Ботсвана и львиное приключение, как Тру его окрестил, пошли ему на пользу, но он всюду возил с собой альбом с рисунками и берег его. После аварии альбом стал единственным, что Тру захотел вернуть, но он не стал обращаться к Эндрю: Тру ни о чем не рассказывал сыну и не хотел лгать ни ему, ни Ким. Вместо этого он попросил бывшую жену договориться, чтобы его вещи, оставшиеся в лодже в Ботсване, упаковали и поместили на хранение. Ким все сделала, но Тру еще два года волновался, что альбом потеряется или будет испорчен. Первое, что он сделал, выйдя из реабилитационной клиники, – съездил в Ботсвану.
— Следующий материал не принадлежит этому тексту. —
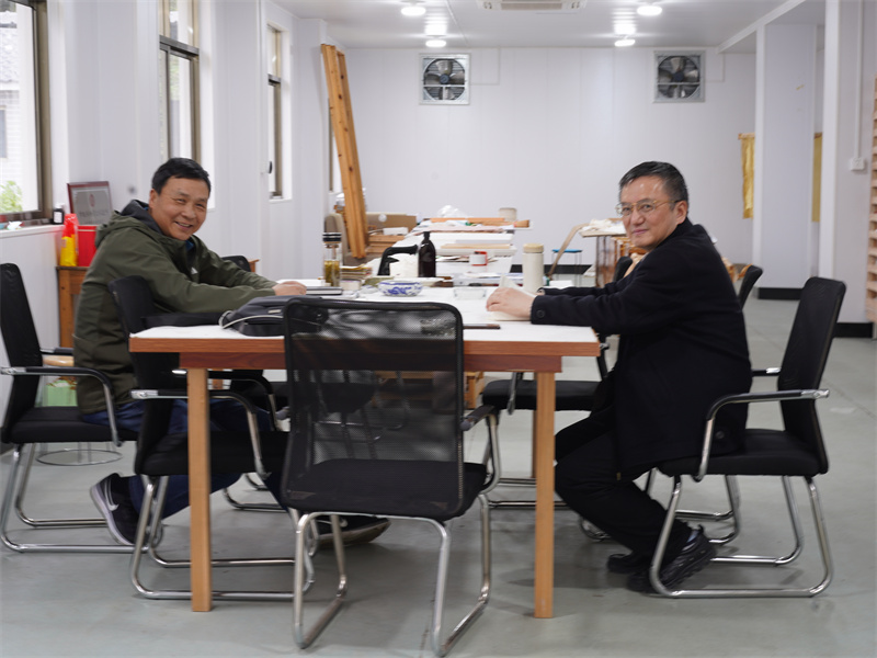 2021年5月13日,休寧縣政法委書記洪學(xué)軍與著名藝術(shù)大師陳老師來公司調(diào)研參觀楮皮紙制作。

Оказавшись на месте, Тру нанял несколько мальчишек, открывавших для него коробку за коробкой, пока не нашелся драгоценный альбом – немного запылившийся, но совершенно целый.

Однако вскоре после этого желание вновь и вновь переживать изображенное на рисунках стало проходить. Ради своего же блага пора было прекращать грезить о том, как однажды они с Хоуп воссоединятся. Тру и не догадывался, что примерно в это же время Хоуп его разыскивала.

Знай он об этом, несмотря ни на какие травмы, прошел бы небо и землю, лишь бы ее найти. И однажды ему выпал шанс.


На Каролину-Бич мягко опускались сумерки.